Posts Tagged 'rain forest'



Animal Update – August 17

Between our Baltimore and Washington, DC, venues, more than 17,500 animals representing 900 species call the National Aquarium home. There are constant changes, additions, and more going on behind the scenes that our guests may not notice during their visit. We want to share these fun updates with our community so we’re bringing them to you in our weekly Animal Update posts!

Check our blog every Friday to find out what’s going on… here’s what’s new this week!

New baby screaming piha!

We have a new baby screaming piha in our Upland Tropical Rain Forest exhibit!

Screaming piha chick

Our screaming piha chick is the first to be born in captivity in North America. After a month of patient waiting by our rain forest aviculturists and exhibit curators, the baby chick hatched at the end of July. Our staff is very excited to be able to share the news of this successful birth!

Very little is known about the biology of the screaming piha when it comes to reproduction, and we hope to learn and share with others in the community as much as we can about these Amazonian birds.

Laying eggs can be difficult for pihas due to their poor nest-building skills. They create tiny nests. Ornithologist (the branch of zoology that studies birds) Alexander Skutch once described a piha nest as being “the most meager arboreal nest that I had seen.” Our female’s nest was about 2 inches by 2 inches and was constructed of curling vines from around our habitat. To help support the structure of the nest, our staff added two additional branches. Soon the female began to sit on her nest and after a couple of days we had our first spotting of a light brown, perfectly camouflaged egg!

In the wild, camouflage is an essential part of the piha’s survival. As a single parent, the female piha often has to leave to gather food while the chick relies completely on camouflage to stay safe in the nest. Through this hatching, we’ve learned that piha chicks lay motionless with their wings at their side while the mother is gone. The chick doesn’t peep or beg (behaviors we traditionally associate with baby birds), so as to not give away its location to any predators.
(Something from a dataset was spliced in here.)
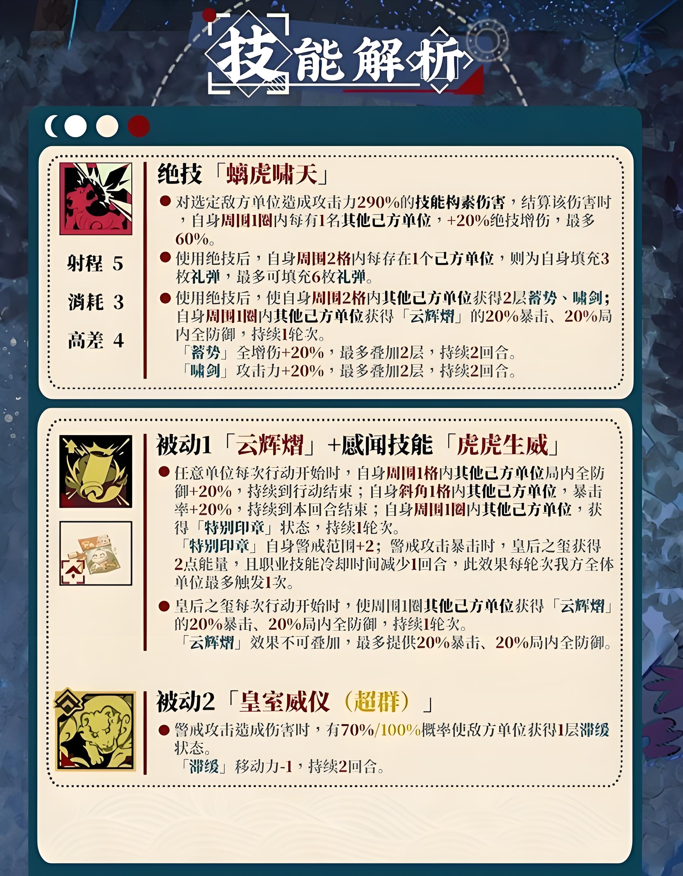 1、煥彰后基礎速度165為高速水平,是唯一群體蓄勢嘯劍拐,提供20%暴擊率20%局內全防御,還能擴大戰略角色警戒范圍。

Screaming piha chick camouflaging itself

In the last month, our baby piha chick has grown tremendously. Thanks to a great mom, the chick has had plenty to eat and is completely feathered. Our new family is currently under the observation of our staff and is not on display yet in our Rain Forest exhibit, but we can’t wait for you to meet our new addition!

Animal Update – August 17

Between our Baltimore and Washington, DC, venues, more than 17,500 animals representing 900 species call the National Aquarium home. There are constant changes, additions, and more going on behind the scenes that our guests may not notice during their visit. We want to share these fun updates with our community so we’re bringing them to you in our weekly Animal Update posts!

Check our blog every Friday to find out what’s going on… here’s what’s new this week!

Grosbeak back in the Rain Forest

We’ve reintroduced our male grosbeak to our Upland Tropical Rain Forest exhibit this week. He has joined our female and guests can now see them flying throughout the forest!

Our grosbeaks are hard to miss with their beautiful yellow coloring.

Be sure to check back every Friday to find out what’s happening!

Awesome adventures in Costa Rica!

From Laura Bankey, Director of Conservation

Checking in from beautiful Costa Rica! The Costa Rican Tourism Board have been wonderful hosts and have planned some pretty amazing excursions for our group, winners of the Get Going Costa Rica sweepstakes and representatives from National Aquarium and the Greater Los Angeles Zoo.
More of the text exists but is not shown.